職場で信頼関係を築くにはどうすればいいのか。会員数約1500社のビジネスコミュニティを主宰する小阪裕司氏は、「私生活のささいな情報を話すといい。自己開示をすることで心の距離が縮まり、仕事にいい影響をもたらす」という――。
身の回りの出来事を話すと対話がスムーズになる
「昨日から今日にかけてあった出来事のなかで、良かったこと・新しかったことを何か見つけて、1分間で話してください」――そう言われて、今あなたの頭にはどんなことが浮かんできただろうか? 私はこの問いかけを長年にわたってセミナーなどで行い、参加した方々に語り合ってもらっているが、そこで話される内容はおよそささいなことだ。
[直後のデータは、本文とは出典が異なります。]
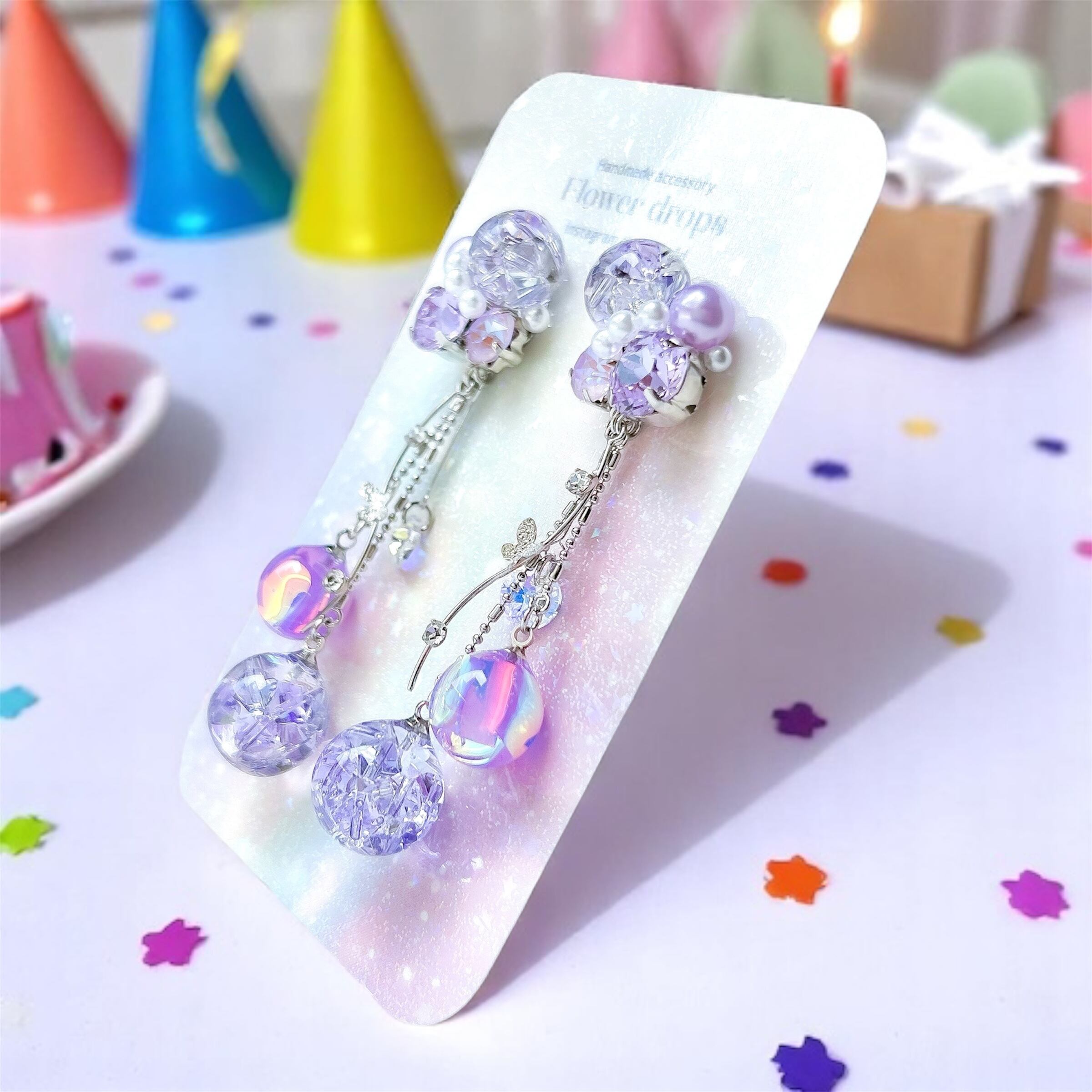 クリスタルドームビジュー♥バタフライチャームの耳飾り(パープル)

例えば、「自分は最近家庭菜園に凝っているが、昨日、新しくまいた種の芽が出た」とか「昨日までキャンプに行ってたんだけど、雨に降られなくてよかった」などのもの。話は1分、内容はその程度なのだが、例えばセミナーの冒頭でグループごとにこれを行うと、そのグループはその後のセミナー中、とてもスムーズに対話できるようになる。これは、“自己開示”の効果である。
自己開示は人と人との距離を縮める。われわれが“自己開示情報”と呼んでいるものがそこでの媒介となるが、私のよく知るお店や会社は、自己開示情報の積極的かつ継続的な発信をお客さんに対して行う。一般消費者でも、法人でもだ。狙いは、互いの距離を縮め、関係性をつくることだ。